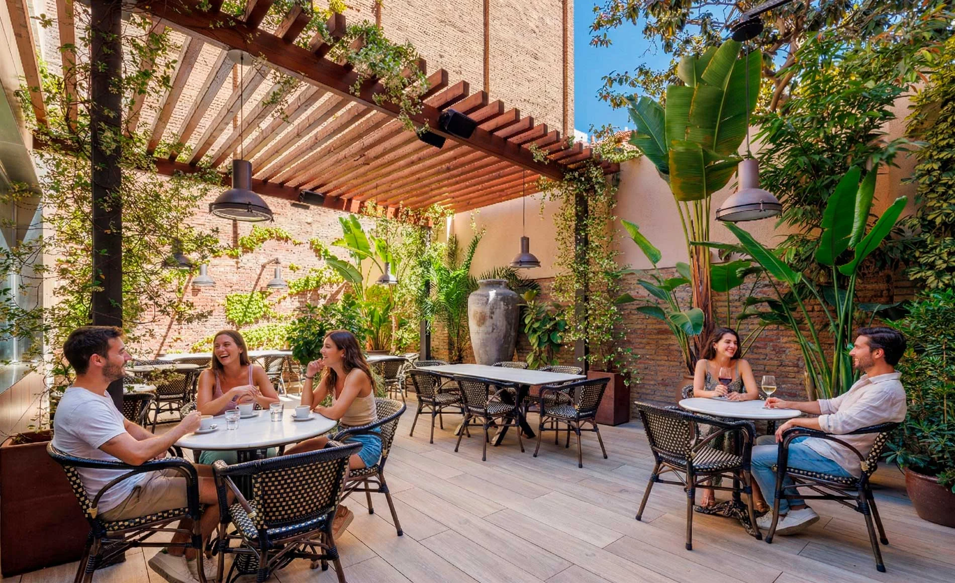 Si buscas un bar de tapas cerca de ti, en el corazón de Gracia, dentro del Hotel Ronda Lesseps, te espera La Terrasseta del Lesseps, un vibrante oasis urbano donde el verde de la naturaleza y un ambiente relajado se combinan. Nuestras dos terrazas interiores, rodeadas de exuberante vegetación, te ofrecen un espacio tranquilo en plena Plaza Lesseps de Barcelona, ideal para comer en Gracia, disfrutar de unas tapas o relajarte con un buen café en nuestra acogedora cafetería.
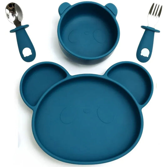 Baby-Mahlzeiten-Set Panda – Teller & Saugnapfschale + Edelstahlbesteck
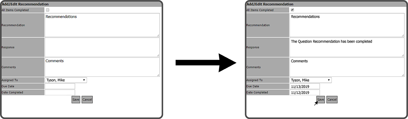 This will open the Add/Edit Recommendation window. Check the All Items Completed Box, enter a Response, enter the Date Completed, and select the Save Button
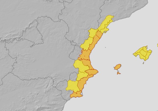 En este día sólo se queda sin avisos activos para el sábado el interior norte de la provincia de Valencia.

#####

What you should do> Write the listing out exactly, word for word, but omit the pictures.

Result for this exercise>
 Si buscas un bar de tapas cerca de ti, en el corazón de Gracia, dentro del Hotel Ronda Lesseps, te espera La Terrasseta del Lesseps, un vibrante oasis urbano donde el verde de la naturaleza y un ambiente relajado se combinan. Nuestras dos terrazas interiores, rodeadas de exuberante vegetación, te ofrecen un espacio tranquilo en plena Plaza Lesseps de Barcelona, ideal para comer en Gracia, disfrutar de unas tapas o relajarte con un buen café en nuestra acogedora cafetería.
 Baby-Mahlzeiten-Set Panda – Teller & Saugnapfschale + Edelstahlbesteck
 This will open the Add/Edit Recommendation window. Check the All Items Completed Box, enter a Response, enter the Date Completed, and select the Save Button
 En este día sólo se queda sin avisos activos para el sábado el interior norte de la provincia de Valencia.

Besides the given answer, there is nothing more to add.